- [YOUR GOAL]: Word for word, restate all the records; images are not part of the copy.

- [DATA UNDER STUDY]:
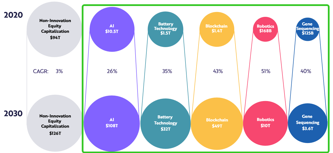 Precisely, AI Innovation Will Increase to More Than $100 Trillion In Equity Market Capitalization, Battery Technology Will Generate More Than $30 Trillion, Robotics Advances Could Generate More Than $10 Trillion, Genomic Technologies Could Drive More Than $3 Trillion, Blockchain Could Command Nearly $50 Trillion In Equity Market Capitalization.
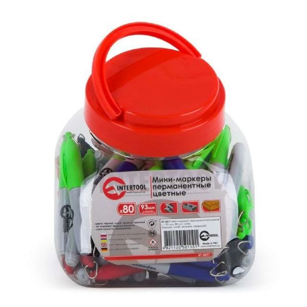 Мини-маркеры перманентные цветные L=93 мм, 80 шт/упак. (Черный, синий, зеленый, красный) KT-5011
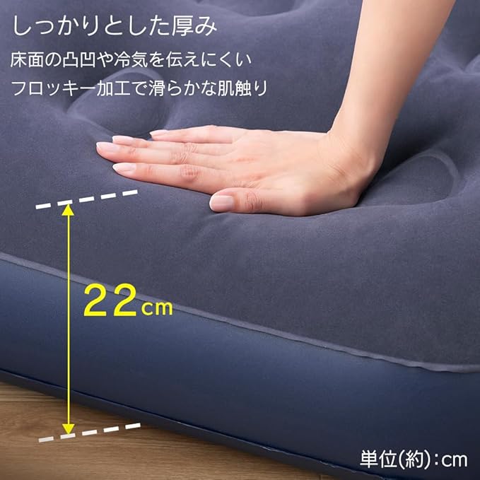 しっかり膨らませたときの厚みは「約22cm」となり、なめらかで肌触りがよい表面加工です。
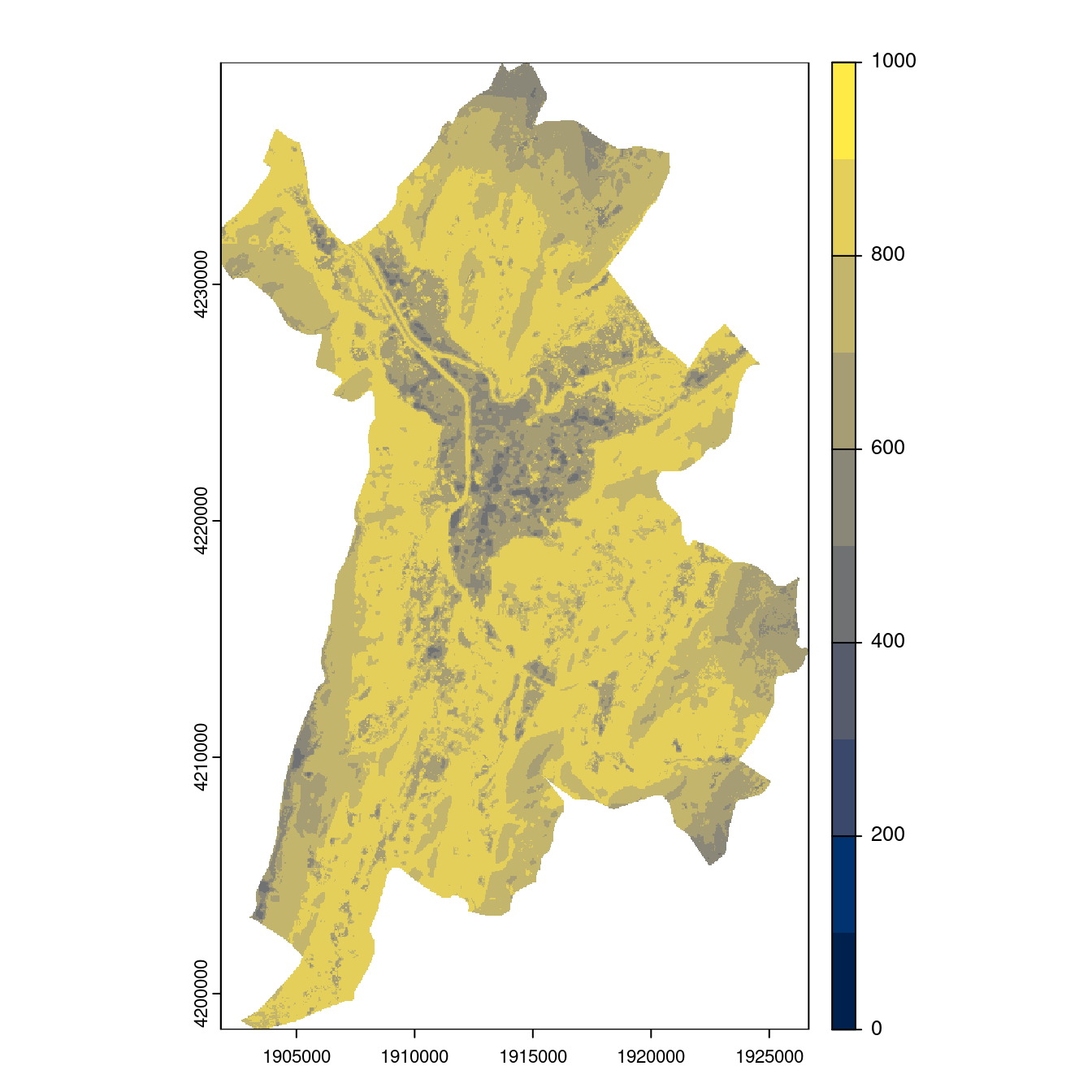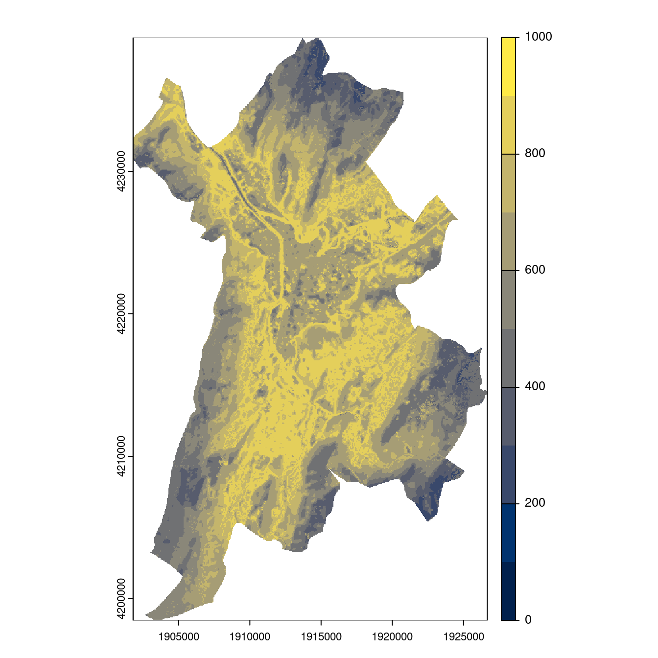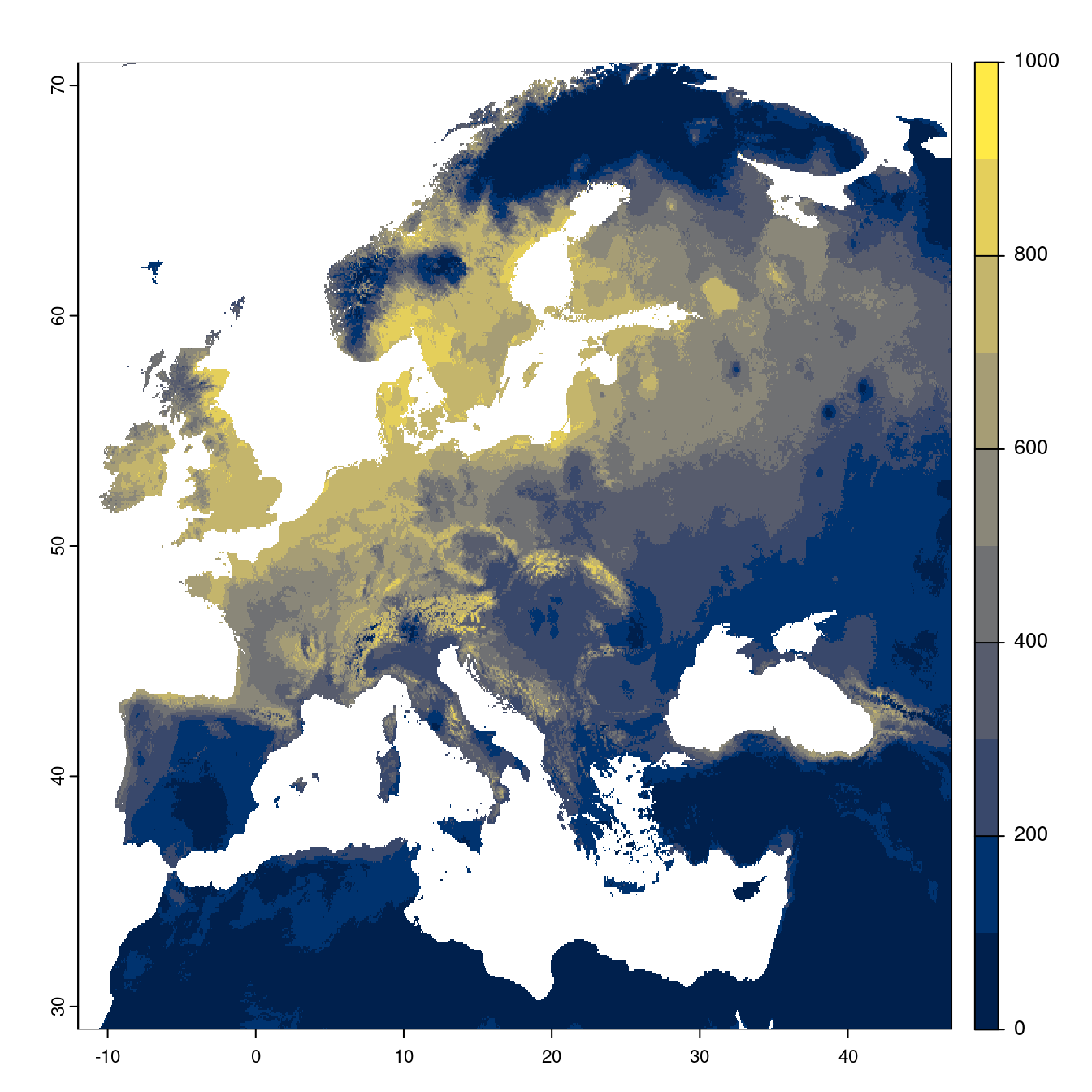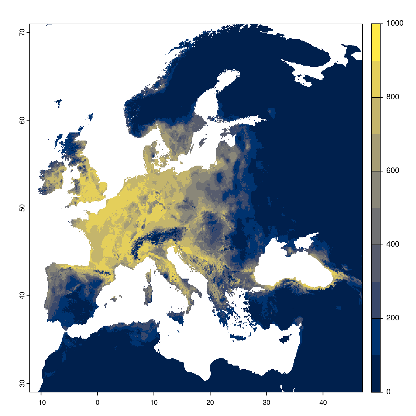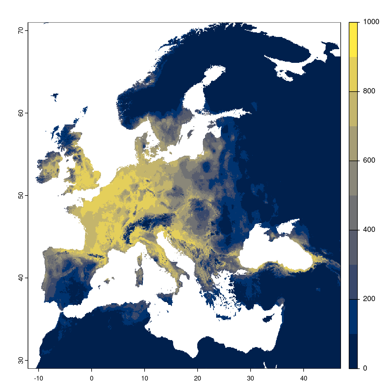 On projette la niche climatique sur ce raster à fine échelle.
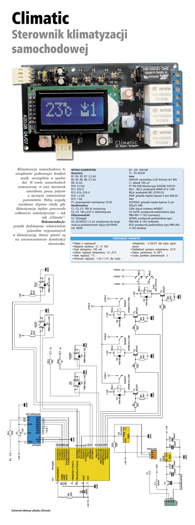 Climatic Sterownik klimatyzacji samochodowej Klimatyzacja samochodowa to urządzenie podnoszące komfort jazdy, szczególnie w upalne dni. W wielu samochodach zastosowany w niej sterownik umożliwia pracę jedynie z ręcznym ustawianiem parametrów. Pełną wygodę uzyskamy dopiero wtedy, gdy klimatyzacja będzie pracowała całkowicie automatycznie – tak jak „Climatic”. Rekomendacje: projekt dedykujemy właścicielom pojazdów wyposażonych w klimatyzację, którzy gotowi są na unowocześnienie konstrukcji sterownika. Schemat ideowy układu Climatic WYKAZ ELEMENTÓW Rezystory R1, R3, R5, R7: 2,2 kV R2, R4, R6, R8: 4,7 kV R9: 22 kV R10: 3,3 kV R11: 910 V R12, R13: 270 V R14: 1,2 kV R15: 1 kV P1: potencjometr montażowy 10 kV Kondensatory C1, C3, C5: 100 nF, ceramiczny C2, C4: 100 mF/25 V, elektrolityczny Półprzewodniki U1: ATmega8 U2: DS18S20 (+2 szt. przyłączone do magistrali za pośrednictwem złącza OUT/END) U3: 78L05 D1...D4: 1N4148 T1...T4: BC547 Inne DISPLAY: wyświetlacz LCD Artronic 6x1 BIG L1: dławik 100 mH FT: filtr EMI Murata typu DSS306–55F223 REL1...REL3: przekaźnik HFKW–012–1ZW REL4: przekaźnik JRC–27F/012S PWR: gniazdo męskie kątowe 4–pin (NSL25– 4W) OUT/ENG: gniazdo męskie kątowe 3–pin (NSL25–3W) CON: złącze śrubowe AK500/7 UP, AUTO: przełącznik podświetlany typu PB6149L–1–102 (czerwony) DOWN: przełącznik podświetlany typu PB6149L–4–102 (niebieski) ECO: przełącznik podświetlany typu PB6149L– 3–102 (zielony) PODSTAWOWE PARAMETRY • Płytka o wymiarach • Napięcie zasilania: 12...15 VDC • Prąd obciążenia: 100 mA • Zakres regulacji temperatury: 15...25°C • Skok regulacji: 1°C • Histereza regulacji: –1,0/+1,5°C dla trybu schładzania, –1,5/0,0°C dla trybu ogrzewania • Dokładność pomiaru temperatury: 0,5°C • Zakres pomiarowy: 0...99°C • Liczba punktów pomiarowych: 3
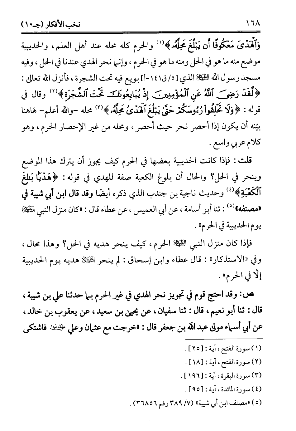 قلت: فإذا كانت الحديبية بعضها في الحرم كيف يجوز أن يترك هذا الموضع وينحر في الحل؟ والحال أن بلوغ الكعبة صفة للهدي في قوله: {هَدْيًا بَالِغَ الْكَعْبَةِ} (¬4) وحديث ناجية بن جندب الذي ذكره أيضًا وقد قال ابن أبي شيبة في "مصنفه" (¬5): ثنا أبو أسامة، عن أبي العميس، عن عطاء قال: "كان منزل النبي -عليه السلام- يوم الحديبية في الحرم".
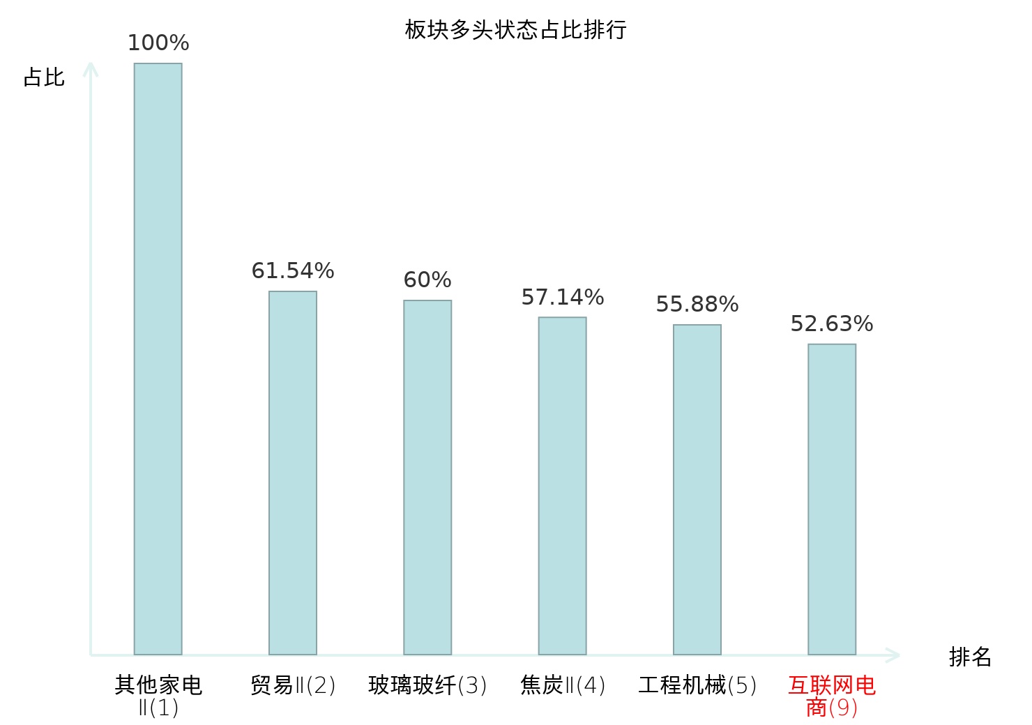 全市场所有行业板块中主力多头状态占比排名中,其他家电Ⅱ板块位居第一。航海装备Ⅱ板块名次提升最快,较昨日上升98位。
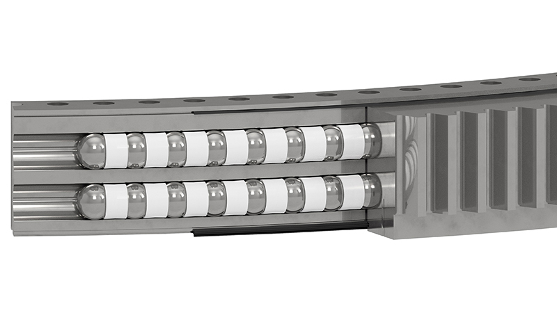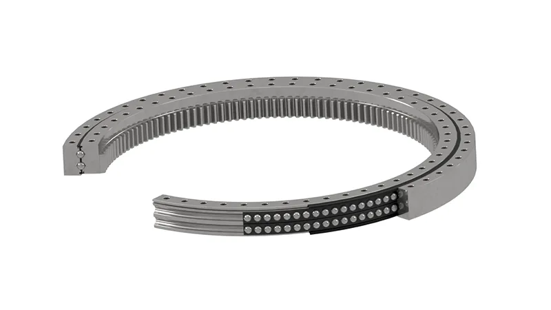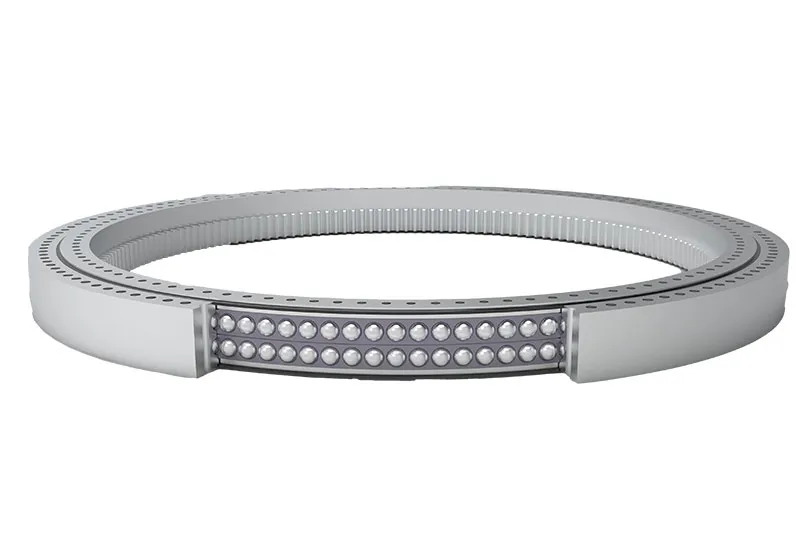 双排四点接触球变桨轴承是一种特殊设计的大型回转支承轴承,主要用于风力发电机组中变桨机构的核心部位。这种轴承的特点是拥有两排钢球,滚道采用四点接触结构,因此得名双排四点接触球轴承。双排四点接触球轴承拥有上下两排钢球,每排钢球均通过相应的滚道和保持架来引导和支撑,使得整个轴承能够同时承载较大的轴向载荷和径向载荷,而且由于其“四点接触”结构设计,可以在一定角度范围内提供稳定的支承,适合于变桨机构中叶片需不断调整桨距的需求。
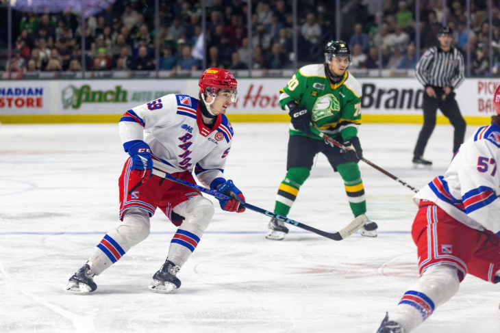London, Ont. – The Rangers scored three third period goals Thursday but it wasn’t enough as London recorded an 8-4 victory over the Rangers in front of 9,036 fans at the Budweiser Gardens. Francesco Arcuri (Dallas Stars) scored twice for the Rangers, Reid Valade and Mitchell Martin both found the back of the net and both Marco Costantini and Marcus Vandenberg split time between-the-pipes.
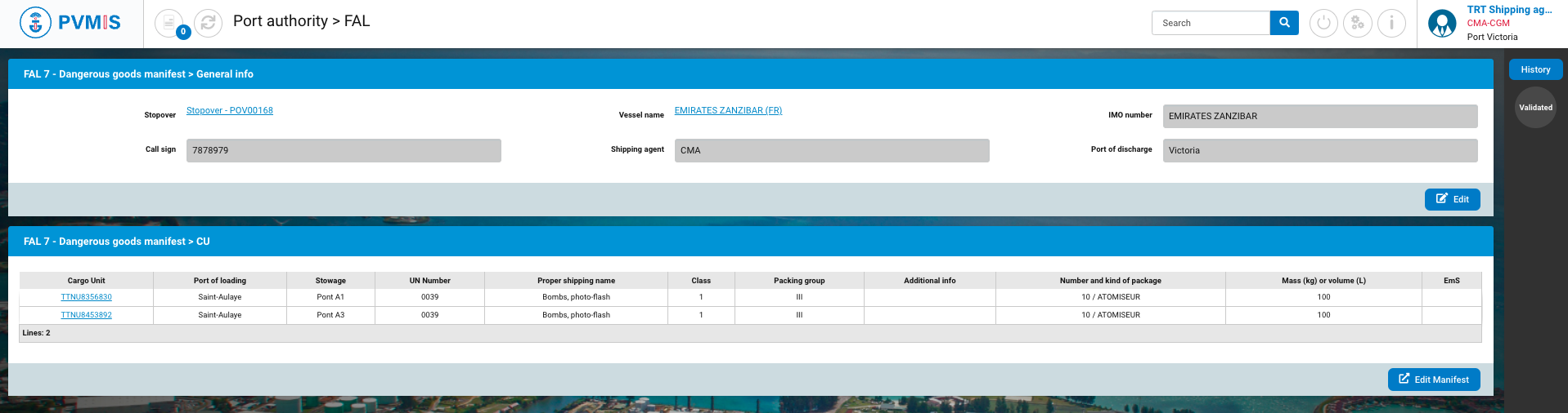 Vessel Name | The vessel of the stopover, the FAL is attached to. You can click on the link to access to the detail of the vessel. |

- [OUTPUT]:
 Precisely, AI Innovation Will Increase to More Than $100 Trillion In Equity Market Capitalization, Battery Technology Will Generate More Than $30 Trillion, Robotics Advances Could Generate More Than $10 Trillion, Genomic Technologies Could Drive More Than $3 Trillion, Blockchain Could Command Nearly $50 Trillion In Equity Market Capitalization.
 Мини-маркеры перманентные цветные L=93 мм, 80 шт/упак. (Черный, синий, зеленый, красный) KT-5011
 しっかり膨らませたときの厚みは「約22cm」となり、なめらかで肌触りがよい表面加工です。
 On projette la niche climatique sur ce raster à fine échelle.
 Climatic Sterownik klimatyzacji samochodowej Klimatyzacja samochodowa to urządzenie podnoszące komfort jazdy, szczególnie w upalne dni. W wielu samochodach zastosowany w niej sterownik umożliwia pracę jedynie z ręcznym ustawianiem parametrów. Pełną wygodę uzyskamy dopiero wtedy, gdy klimatyzacja będzie pracowała całkowicie automatycznie – tak jak „Climatic”. Rekomendacje: projekt dedykujemy właścicielom pojazdów wyposażonych w klimatyzację, którzy gotowi są na unowocześnienie konstrukcji sterownika. Schemat ideowy układu Climatic WYKAZ ELEMENTÓW Rezystory R1, R3, R5, R7: 2,2 kV R2, R4, R6, R8: 4,7 kV R9: 22 kV R10: 3,3 kV R11: 910 V R12, R13: 270 V R14: 1,2 kV R15: 1 kV P1: potencjometr montażowy 10 kV Kondensatory C1, C3, C5: 100 nF, ceramiczny C2, C4: 100 mF/25 V, elektrolityczny Półprzewodniki U1: ATmega8 U2: DS18S20 (+2 szt. przyłączone do magistrali za pośrednictwem złącza OUT/END) U3: 78L05 D1...D4: 1N4148 T1...T4: BC547 Inne DISPLAY: wyświetlacz LCD Artronic 6x1 BIG L1: dławik 100 mH FT: filtr EMI Murata typu DSS306–55F223 REL1...REL3: przekaźnik HFKW–012–1ZW REL4: przekaźnik JRC–27F/012S PWR: gniazdo męskie kątowe 4–pin (NSL25– 4W) OUT/ENG: gniazdo męskie kątowe 3–pin (NSL25–3W) CON: złącze śrubowe AK500/7 UP, AUTO: przełącznik podświetlany typu PB6149L–1–102 (czerwony) DOWN: przełącznik podświetlany typu PB6149L–4–102 (niebieski) ECO: przełącznik podświetlany typu PB6149L– 3–102 (zielony) PODSTAWOWE PARAMETRY • Płytka o wymiarach • Napięcie zasilania: 12...15 VDC • Prąd obciążenia: 100 mA • Zakres regulacji temperatury: 15...25°C • Skok regulacji: 1°C • Histereza regulacji: –1,0/+1,5°C dla trybu schładzania, –1,5/0,0°C dla trybu ogrzewania • Dokładność pomiaru temperatury: 0,5°C • Zakres pomiarowy: 0...99°C • Liczba punktów pomiarowych: 3
 قلت: فإذا كانت الحديبية بعضها في الحرم كيف يجوز أن يترك هذا الموضع وينحر في الحل؟ والحال أن بلوغ الكعبة صفة للهدي في قوله: {هَدْيًا بَالِغَ الْكَعْبَةِ} (¬4) وحديث ناجية بن جندب الذي ذكره أيضًا وقد قال ابن أبي شيبة في "مصنفه" (¬5): ثنا أبو أسامة، عن أبي العميس، عن عطاء قال: "كان منزل النبي -عليه السلام- يوم الحديبية في الحرم".
 全市场所有行业板块中主力多头状态占比排名中,其他家电Ⅱ板块位居第一。航海装备Ⅱ板块名次提升最快,较昨日上升98位。
 双排四点接触球变桨轴承是一种特殊设计的大型回转支承轴承,主要用于风力发电机组中变桨机构的核心部位。这种轴承的特点是拥有两排钢球,滚道采用四点接触结构,因此得名双排四点接触球轴承。双排四点接触球轴承拥有上下两排钢球,每排钢球均通过相应的滚道和保持架来引导和支撑,使得整个轴承能够同时承载较大的轴向载荷和径向载荷,而且由于其“四点接触”结构设计,可以在一定角度范围内提供稳定的支承,适合于变桨机构中叶片需不断调整桨距的需求。
London, Ont. – The Rangers scored three third period goals Thursday but it wasn’t enough as London recorded an 8-4 victory over the Rangers in front of 9,036 fans at the Budweiser Gardens. Francesco Arcuri (Dallas Stars) scored twice for the Rangers, Reid Valade and Mitchell Martin both found the back of the net and both Marco Costantini and Marcus Vandenberg split time between-the-pipes.
 Vessel Name | The vessel of the stopover, the FAL is attached to. You can click on the link to access to the detail of the vessel. |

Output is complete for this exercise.